契約管理と計上伝票(売上計上伝票/仕入計上伝票)を使用した、費用収益の見越し繰延処理と、契約会計情報マスタのiDempiere標準の自動仕訳の勘定科目を変更する機能を使用した連結会計への応用について説明します。
契約会計情報
JPiereの契約管理では、契約会計情報マスタの設定によりiDempiereの標準機能の自動仕訳の勘定科目を契約内容毎に変更する事ができます。この事により、自動仕訳を契約内容に応じて柔軟に設定する事ができます。
契約内容に応じて柔軟に設定する事のできる自動仕訳の勘定科目は、出荷納品伝票、売上請求伝票、売上計上伝票、入荷伝票、仕入請求伝票、仕入計上伝票の自動仕訳で使用する勘定科目です。
契約会計情報タブ
◆基点となる伝票
契約会計情報が適用される基点となる伝票を選択します。基点となる伝票は下記の4つです。
- SOO-受注伝票
- POO-発注伝票
- ARI-売上請求伝票
- API-仕入請求伝票
◆販売(ON)/購買(OFF)
読取専用フィールドで選択した基点となる伝票により、自動設定されます。販売管理と購買管理のどちらで使用する契約会計情報なのか判別するための情報です。
◆契約会計情報を利用する
iDempiereの標準の自動仕訳の勘定科目を契約会計情報の勘定科目に変更したい場合にONにします。
◆計上伝票を使用する
「基点となる伝票」が”SOO-受注伝票”か”POO-発注伝票”で、「契約会計情報を使用する」がONの場合に表示されるフィールドです。計上伝票(売上計上伝票と費用計上伝票)を使用するかどうか制御します。 ONにすると、 「基点となる伝票」が”SOO-受注伝票”の場合は、出荷納品伝票を完成にした時に、売上計上伝票が作成されます。 「基点となる伝票」が” POO-発注伝票”の場合は、入荷伝票を完成にした時に、仕入計上伝票が作成されます。
◆伝票ステータス更新
「計上伝票を使用する」がONの場合に表示されるフィールドです。計上伝票を作成する際の伝票ステータス更新処理を選択します。”空欄(ブランク)”にしておくと、計上伝票は”草案(Drafted)”で作成されます。
◆差異分割
「計上伝票を使用する」がONの場合に表示されるフィールドです。ONにすると分割計上する場合に、未計上分を別伝票として作成します。
◆計上伝票から請求伝票作成方針
「計上伝票を使用する」がONの場合に表示されるフィールドです。作成した計上伝票から請求伝票を作成したい場合にその方針を選択する事ができます。
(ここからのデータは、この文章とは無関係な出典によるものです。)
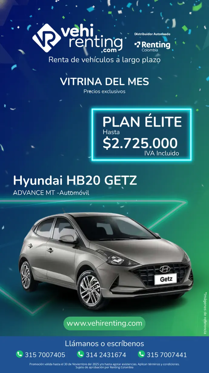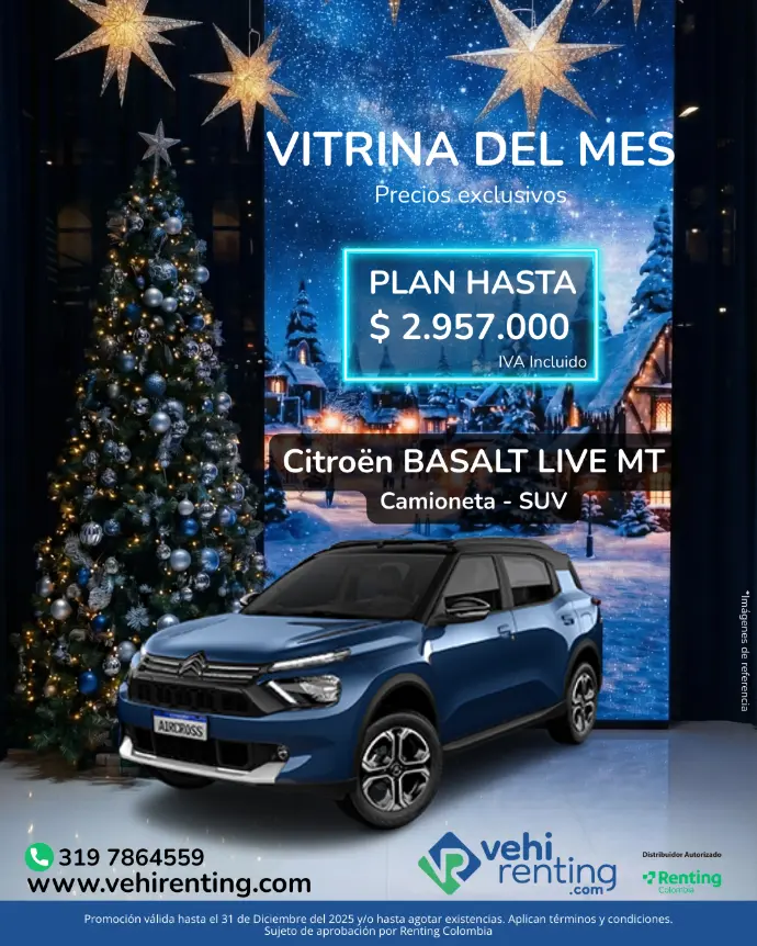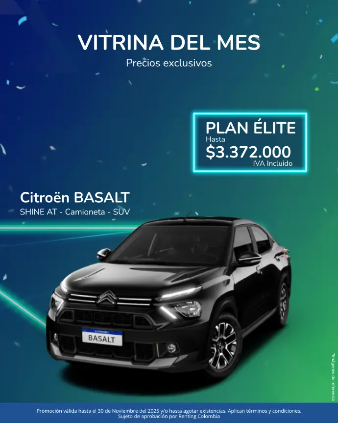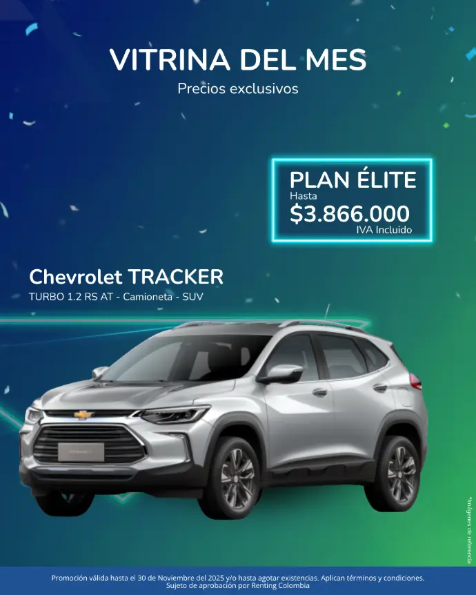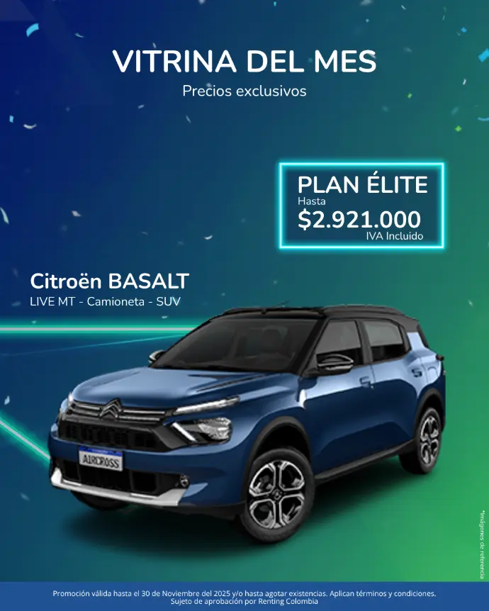 Promoción válida hasta el 30 de noviembre y/o hasta agotar existencias. Aplican términos y condiciones. Sujeto de aprobación por Renting Colombia

- マニュアル … マニュアル操作(検索ウィンドウで計上伝票選択する事)により計上伝票から請求伝票を作成する事ができます。
- 全計上後一括請求 … 基点となる伝票(受注伝票もしくは発注伝票)の明細がすべて売上計上/仕入計上されている場合に、プロセスで請求伝票を作成します。
- 計上後都度請求 … 計上伝票を完成にした際に、請求伝票を作成します。
- 計上伝票から請求伝票は作成しない … 計上伝票から請求伝票は作成しない場合に選択します。
取引先契約会計情報タブ
契約会計情報タブの「契約会計情報を使用する」フラグがONの場合に表示されるタブです。このタブの自動仕訳の勘定科目の設定がされていない場合は、取引先マスタに設定されている自動仕訳の勘定科目が使用されます。
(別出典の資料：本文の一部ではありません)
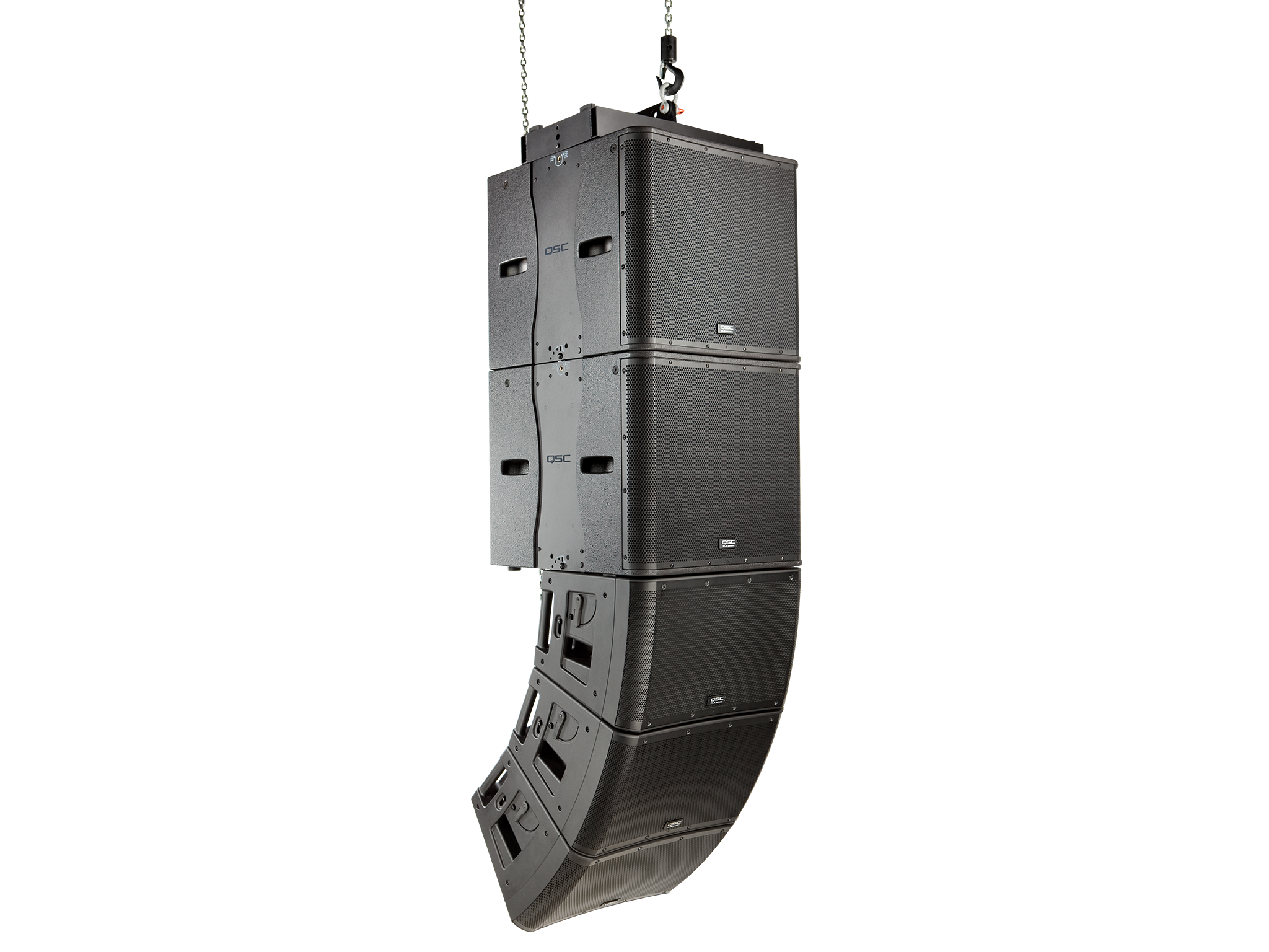 Front Angle image of 2 KLA 181 subs with 3 KLA 12 loudspeakers

【ポイント】契約内容に応じて債権債務の勘定科目を切り替えられる!!
日本の会計処理では、慣習的に主たる営業に関わる債権債務とそれ以外の債権債務とで勘定科目を分ける事が多いです(例:買掛金と未払金、売掛金と未収入金)。このような場合、iDempiereの標準機能では、1つの取引先マスタに対して、債権と債務の勘定科目は1つしか設定できませんので、どうしても勘定科目を分けたいのであれば、分けたい勘定科目の分だけ、取引先マスタを登録する必要がありました。 しかし、JPiereでは契約内容に応じて、債権と債務の勘定科目を切り替える事ができますので、勘定科目を分ける事を理由に、同じ取引先マスタを複数登録する必要はありません。
品目契約会計情報タブ
契約会計情報タブの「契約会計情報を使用する」フラグがONの場合に表示されるタブです。このタブの自動仕訳の勘定科目の設定がされていない場合は、基本的には品目マスタに設定されている自動仕訳の勘定科目が使用されます。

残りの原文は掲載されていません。